It would be much fun to watch and I’d probably make the 5A champs a three-point favorite. Nobody has come within 19 points of West Point, who whipped 15 opponents by an average of 35 points a game.

Who you got: The immovable object? The unstoppable force? The teams just played one common foe. West Point drubbed Starkville 28-3 early in the season. Pearl beat Starkville 21-17 Friday night. Pearl played a much more difficult schedule, but West Point clobbered all comers.

It would be special.

But maybe this is the way it should be. Both teams finish unbeaten and with a gold championship football in their trophy cases. They started way back in August and ended in December.

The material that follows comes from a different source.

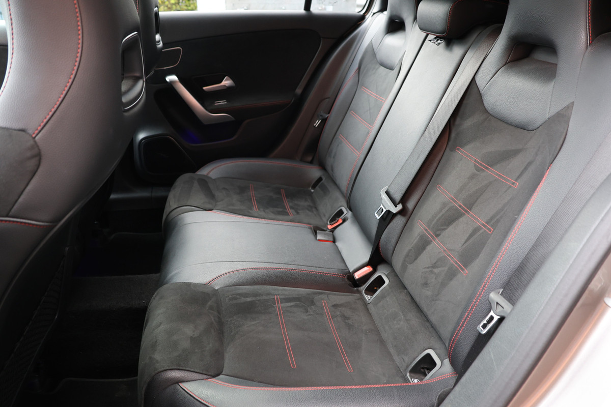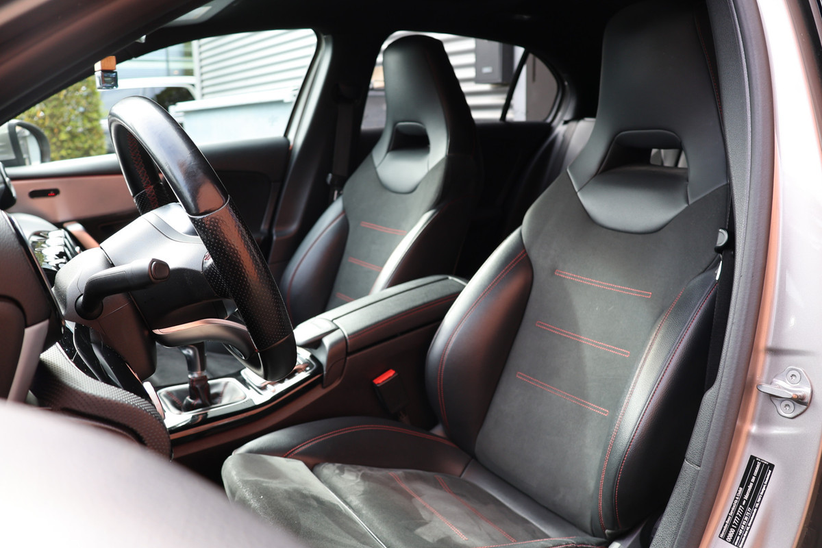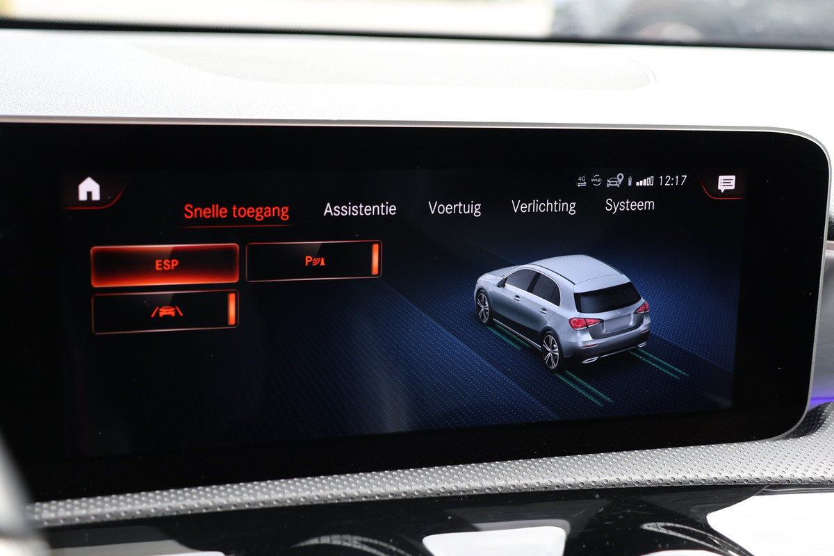 Zoals u mag verwachten van deze Mercedes-Benz A-klasse is hij uitgerust met een reeks aan actieve veiligheidssystemen. In het instrumentarium ziet u tijdens de rit ook de belangrijkste verkeersborden aangegeven, die de auto automatisch voor u leest. Het Lane-keeping systeem let constant op en waarschuwt of corrigeert als u onoplettend over de lijnen van de rijstrook gaat. De forward collision warning reduceert het gevaar van een botsing met een voorligger significant. In deze Mercedes-Benz vinden we verder een brake assist en bandenspanningcontrolesysteem.

Enough is enough.


“We’d play ’em,” said West Point running back Marcus Murphy, the Mississippi State commit who rambled for 226 yards and four touchdowns on 23 carries. “We’d do the same way we’ve been doing against everybody we’ve played all season. This team would play anybody.”

West Point coach Chris Chambless, with 4-year-old daughter Loxley, talks to reporters post-game.

Asked about the matchup that will never happen, West Point coach Chis Chambless, whose team has won two straight state championships, smiled and said, “Whoa, let’s let this one sink in first. I want to enjoy this.

“I’ll say this: Coach (John) Perry has done a tremendous job at Pearl. What they did against that schedule they played is special. Let’s leave it at that. We’re both undefeated and we’ve both got championship trophies to take home. That’s good enough for me.”

It’ll have to be good enough for everybody.

Hattiesburg’s season ended one victory short of a state football crown the Tigers have never won. They have been to the state championship five times, but have smoked no cigars.

But there was one special moment in Saturday night’s defeat.

The Tigers scored their first touchdown with 9:13 left in the second quarter. Out onto the field trotted placekicker Kendyl Terrell. She is a 10th grader, who was playing just two days after the death of her father, former Southern Miss football star Clemon Terrell. “Clem,” as friends called him, was the long time Hattiesburg director of parks and recreation, a fine guy. Friendly. Solid. Friends say he was really excited about watching his daughter kick in a state championship game.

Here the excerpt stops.